2019 Indian Bhojpuri film

Patthar Ke Sanam is a 2019 Indian Bhojpuri-language action, romantic and drama film directed by Niraj Randhir and produced by Aditya Kumar Jha under the banner of "Rajgharana Films". It stars Arvind Akela (Kallu) and Yamini Singh in the lead roles while Awadhesh Mishra, Anita Rawat, Dev Singh, Prem Dubey, Sanjay Mahanand, Deepak Sinha, Roopa Singh and others play supporting roles.

==Cast==
- Arvind Akela Kallu as Anand
- Yamini Singh as Madhuri
- Awadhesh Mishra as Raja Kashinath Singh
- Anita Rawat as Kashinath's wife
- Dev Singh as Vishwanath Singh
- Prem Dubey as Prem Dubey (MLA of Munderava)
- Sanjay Mahanand as Suman(Anand's friend)
- Deepak Sinha as Anand's father
- Roopa Singh
- Rohit Singh Matru

==Music==
The music of "Patthar Ke Sanam" is composed by Chhote Baba and Rajnish Mishra with lyrics penned by Rajesh Mishra, Sumit Singh Chandravanshi, Pyarelal Yadav and Irshad Khan Shikander.
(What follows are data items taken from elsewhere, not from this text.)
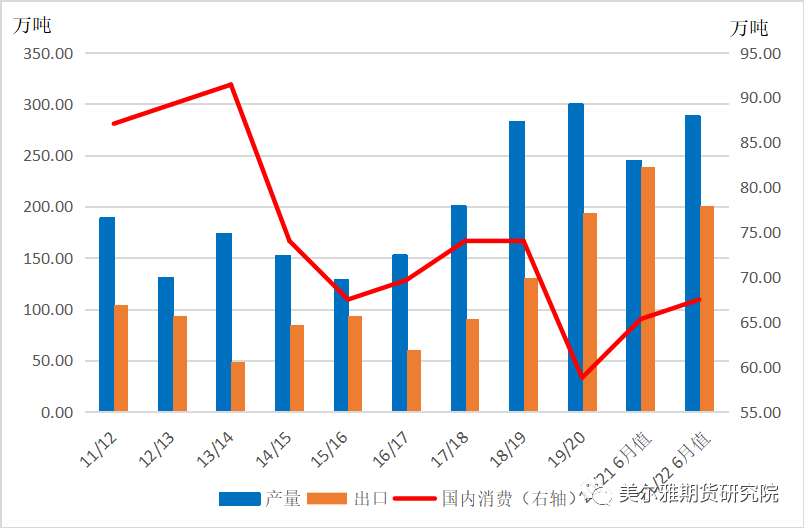 产销方面,与美国类似,巴西棉花主要用于出口,出口量可占到产量的 60% 以上,已成为世界第二大棉花出口国,其国内消费量相对较少,如图 16 所示。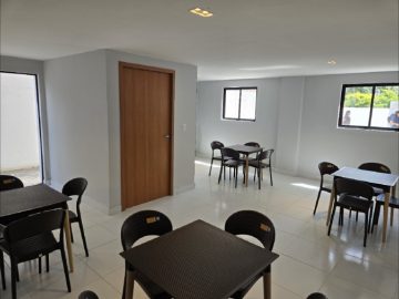 O empreendimento é composto por 55 aptos de 2 quartos com 1 WC e varanda, e área de 42 m² a 46 m². Além disto conta com um salão de festas já entregue todo mobiliado e equipado.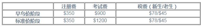 如果选择在早鸟阶段报名考试的话,需要支付的费用包括注册费、早鸟考试费以及新生税费,费用合计1328美元左右;

It is produced under the banner of "Worldwide Records" label.

First song of this film "Kaduwa Ke Rus ho" was released on 25 May 2019 at YouTube official handel of "Worldwide Records Bhojpuri". It was trending on YouTube.

==Marketing==
First look poster of this film was released on 18 May 2019

Trailer of this film was released on 18 May 2019 at official YouTube channel of "Worldwide Records Bhojpuri", who also bought his Digital satellite rights.